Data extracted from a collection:
------------------------

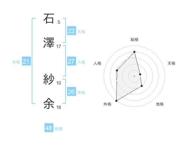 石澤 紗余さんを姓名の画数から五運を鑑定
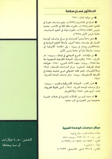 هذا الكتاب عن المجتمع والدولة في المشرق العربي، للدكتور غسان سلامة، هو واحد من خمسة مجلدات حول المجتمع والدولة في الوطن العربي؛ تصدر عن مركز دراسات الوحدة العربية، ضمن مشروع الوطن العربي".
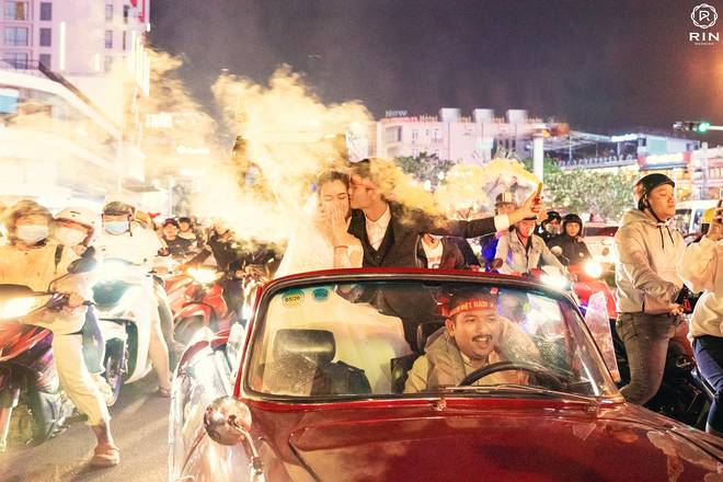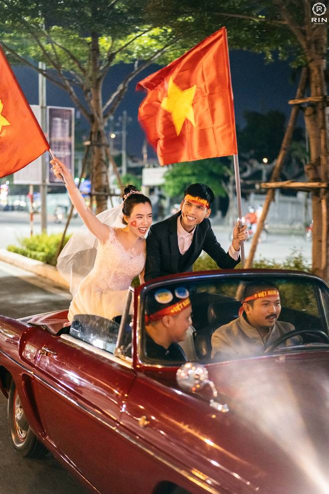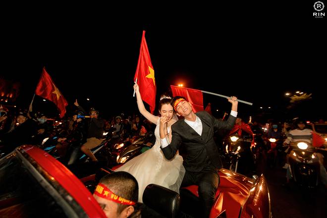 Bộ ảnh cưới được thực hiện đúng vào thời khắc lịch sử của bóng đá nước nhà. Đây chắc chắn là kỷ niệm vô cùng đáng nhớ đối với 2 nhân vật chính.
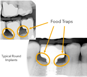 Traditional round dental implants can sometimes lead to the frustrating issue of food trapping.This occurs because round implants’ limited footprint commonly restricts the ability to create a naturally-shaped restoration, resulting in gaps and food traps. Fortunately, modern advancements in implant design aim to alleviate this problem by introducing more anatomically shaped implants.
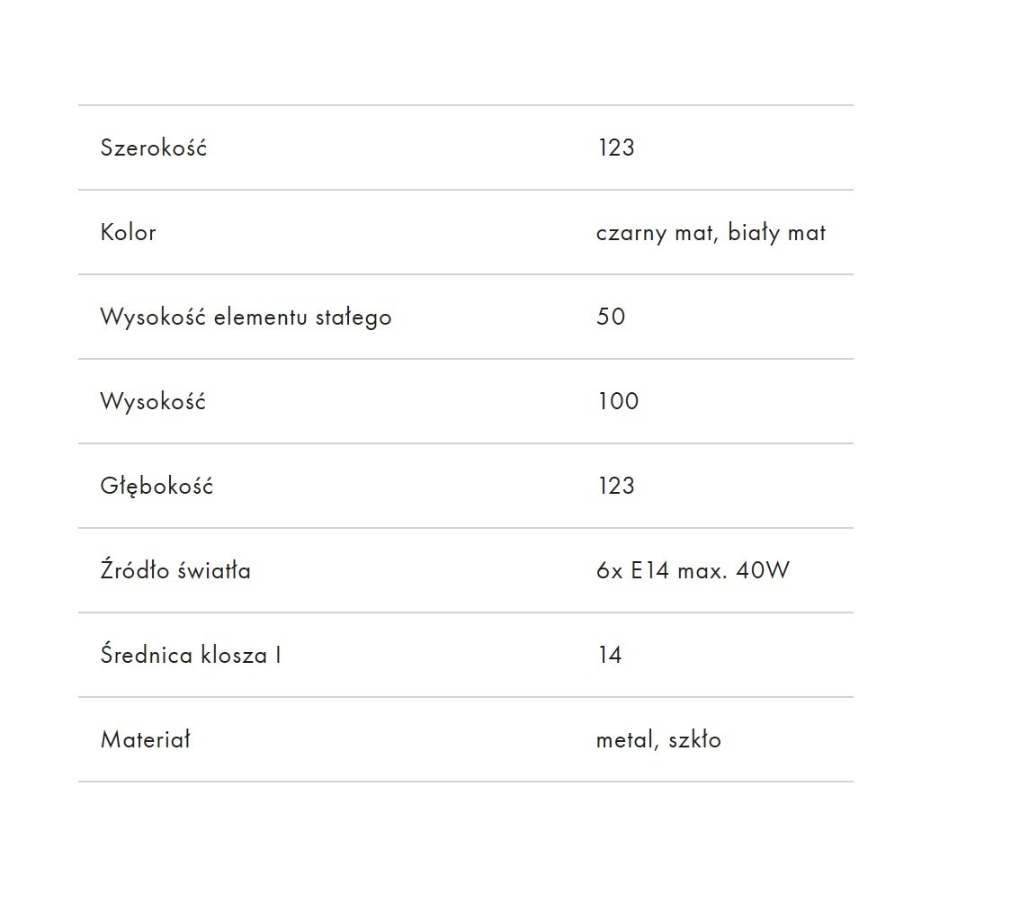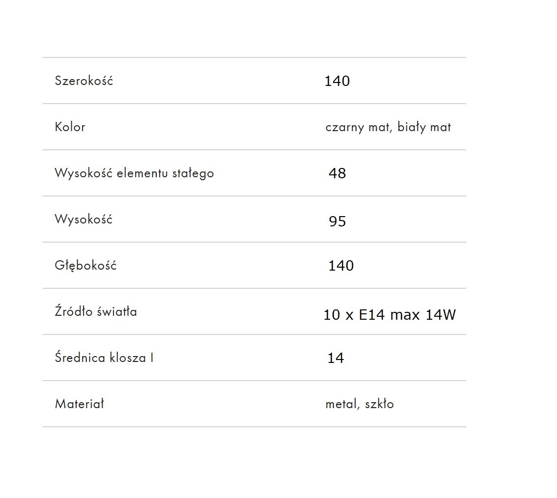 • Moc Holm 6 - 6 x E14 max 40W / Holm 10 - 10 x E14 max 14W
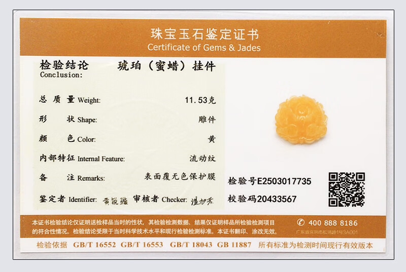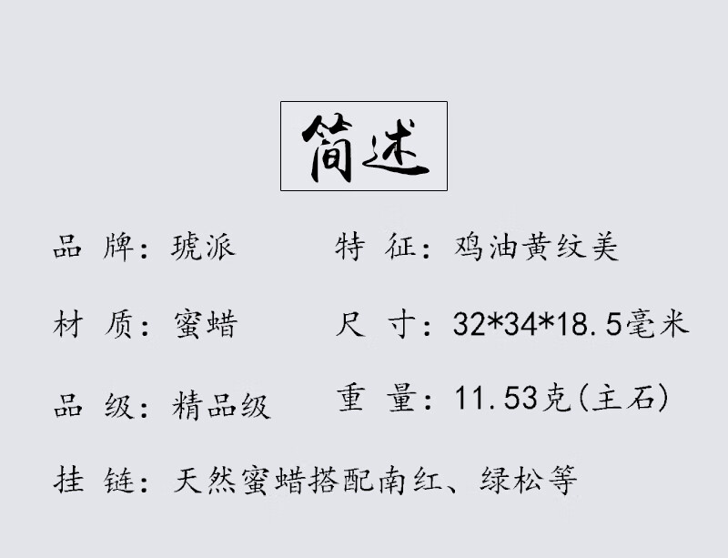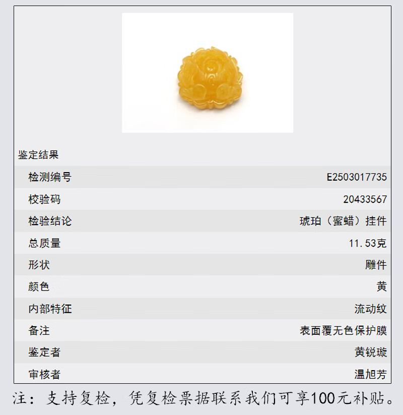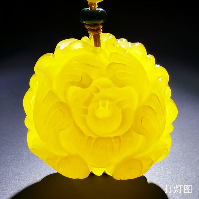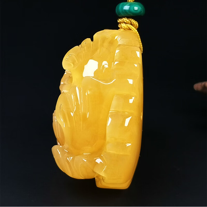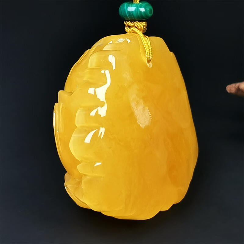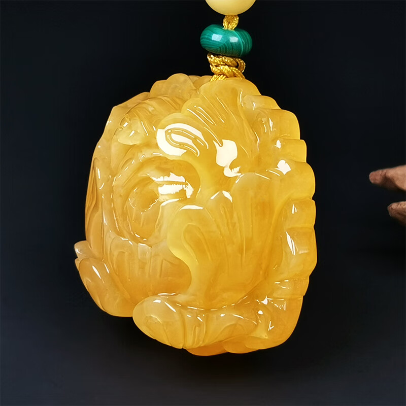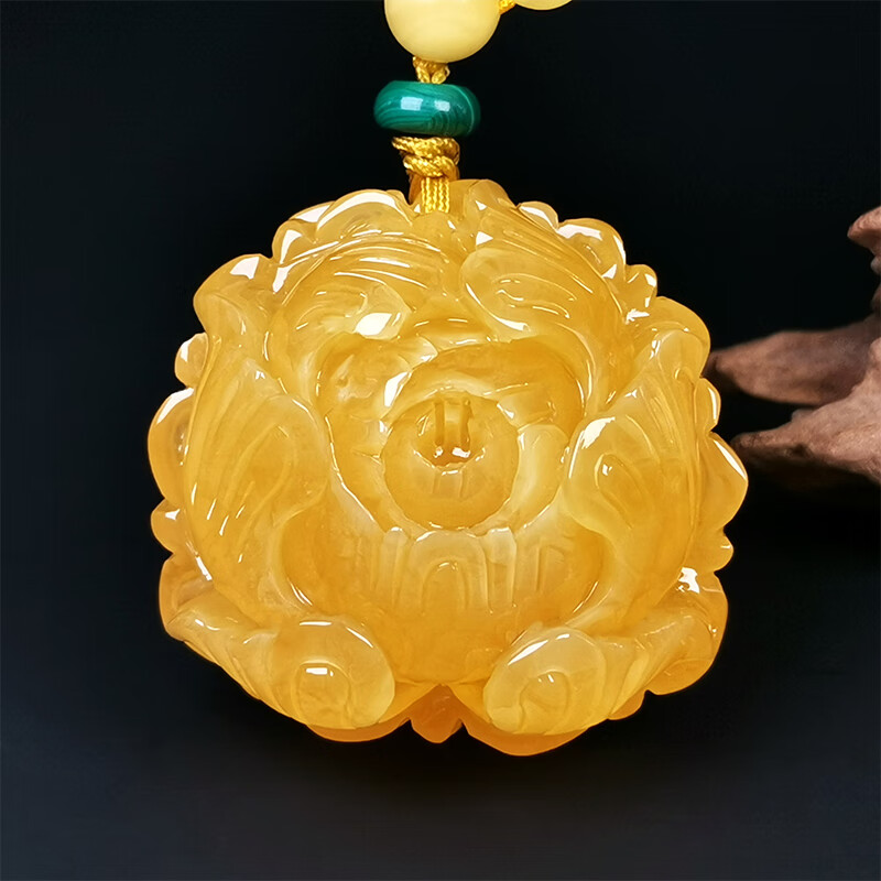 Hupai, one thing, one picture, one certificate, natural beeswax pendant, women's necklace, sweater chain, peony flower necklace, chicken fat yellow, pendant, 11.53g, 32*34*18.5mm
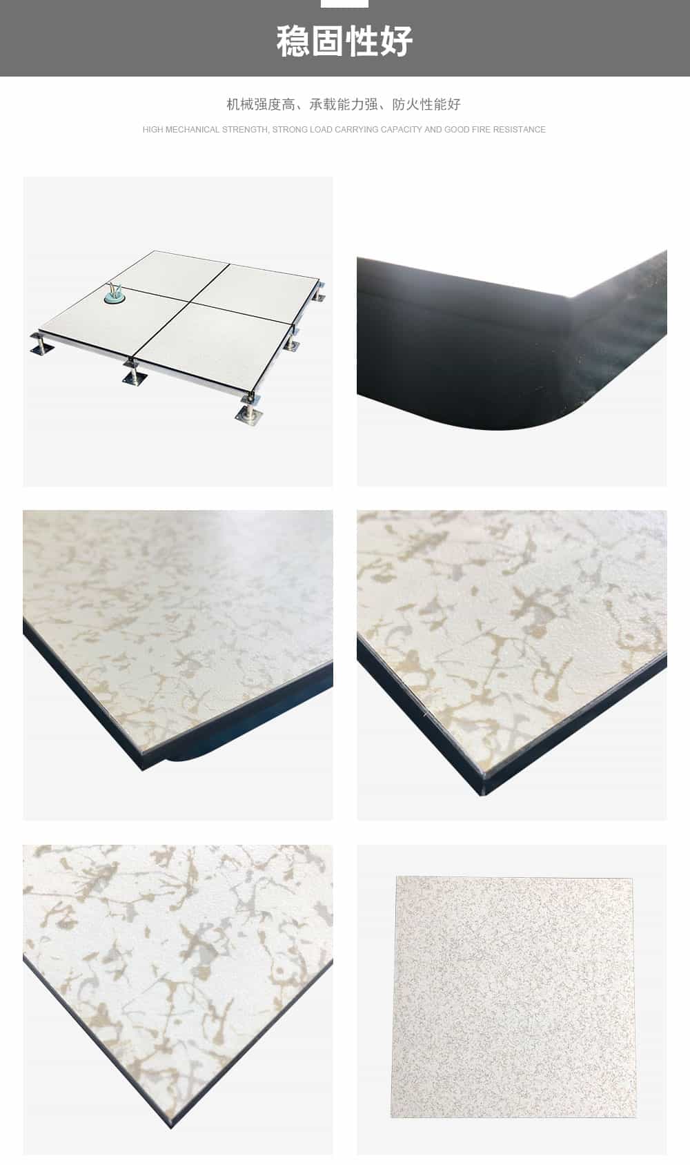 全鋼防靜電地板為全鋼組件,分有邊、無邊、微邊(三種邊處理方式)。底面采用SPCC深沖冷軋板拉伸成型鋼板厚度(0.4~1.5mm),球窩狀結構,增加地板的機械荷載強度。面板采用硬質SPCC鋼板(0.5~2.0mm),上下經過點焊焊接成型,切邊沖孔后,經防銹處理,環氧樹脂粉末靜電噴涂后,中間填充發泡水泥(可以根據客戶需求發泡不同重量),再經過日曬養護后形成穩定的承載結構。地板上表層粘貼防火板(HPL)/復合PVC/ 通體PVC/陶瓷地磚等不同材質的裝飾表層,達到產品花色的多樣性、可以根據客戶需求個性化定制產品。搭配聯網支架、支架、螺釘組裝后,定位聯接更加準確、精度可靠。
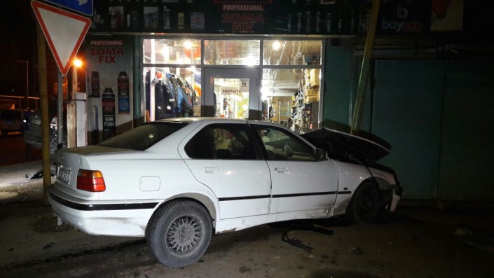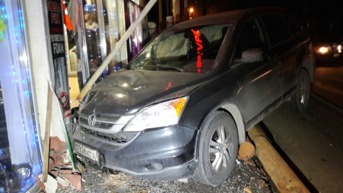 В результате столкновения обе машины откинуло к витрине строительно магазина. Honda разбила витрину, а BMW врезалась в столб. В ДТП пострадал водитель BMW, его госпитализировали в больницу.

------------------------

Each record should be printed exactly as it appears, leaving the pictures out.

 石澤 紗余さんを姓名の画数から五運を鑑定
 هذا الكتاب عن المجتمع والدولة في المشرق العربي، للدكتور غسان سلامة، هو واحد من خمسة مجلدات حول المجتمع والدولة في الوطن العربي؛ تصدر عن مركز دراسات الوحدة العربية، ضمن مشروع الوطن العربي".
 Bộ ảnh cưới được thực hiện đúng vào thời khắc lịch sử của bóng đá nước nhà. Đây chắc chắn là kỷ niệm vô cùng đáng nhớ đối với 2 nhân vật chính.
 Traditional round dental implants can sometimes lead to the frustrating issue of food trapping.This occurs because round implants’ limited footprint commonly restricts the ability to create a naturally-shaped restoration, resulting in gaps and food traps. Fortunately, modern advancements in implant design aim to alleviate this problem by introducing more anatomically shaped implants.
 • Moc Holm 6 - 6 x E14 max 40W / Holm 10 - 10 x E14 max 14W
 Hupai, one thing, one picture, one certificate, natural beeswax pendant, women's necklace, sweater chain, peony flower necklace, chicken fat yellow, pendant, 11.53g, 32*34*18.5mm
 全鋼防靜電地板為全鋼組件,分有邊、無邊、微邊(三種邊處理方式)。底面采用SPCC深沖冷軋板拉伸成型鋼板厚度(0.4~1.5mm),球窩狀結構,增加地板的機械荷載強度。面板采用硬質SPCC鋼板(0.5~2.0mm),上下經過點焊焊接成型,切邊沖孔后,經防銹處理,環氧樹脂粉末靜電噴涂后,中間填充發泡水泥(可以根據客戶需求發泡不同重量),再經過日曬養護后形成穩定的承載結構。地板上表層粘貼防火板(HPL)/復合PVC/ 通體PVC/陶瓷地磚等不同材質的裝飾表層,達到產品花色的多樣性、可以根據客戶需求個性化定制產品。搭配聯網支架、支架、螺釘組裝后,定位聯接更加準確、精度可靠。
 В результате столкновения обе машины откинуло к витрине строительно магазина. Honda разбила витрину, а BMW врезалась в столб. В ДТП пострадал водитель BMW, его госпитализировали в больницу.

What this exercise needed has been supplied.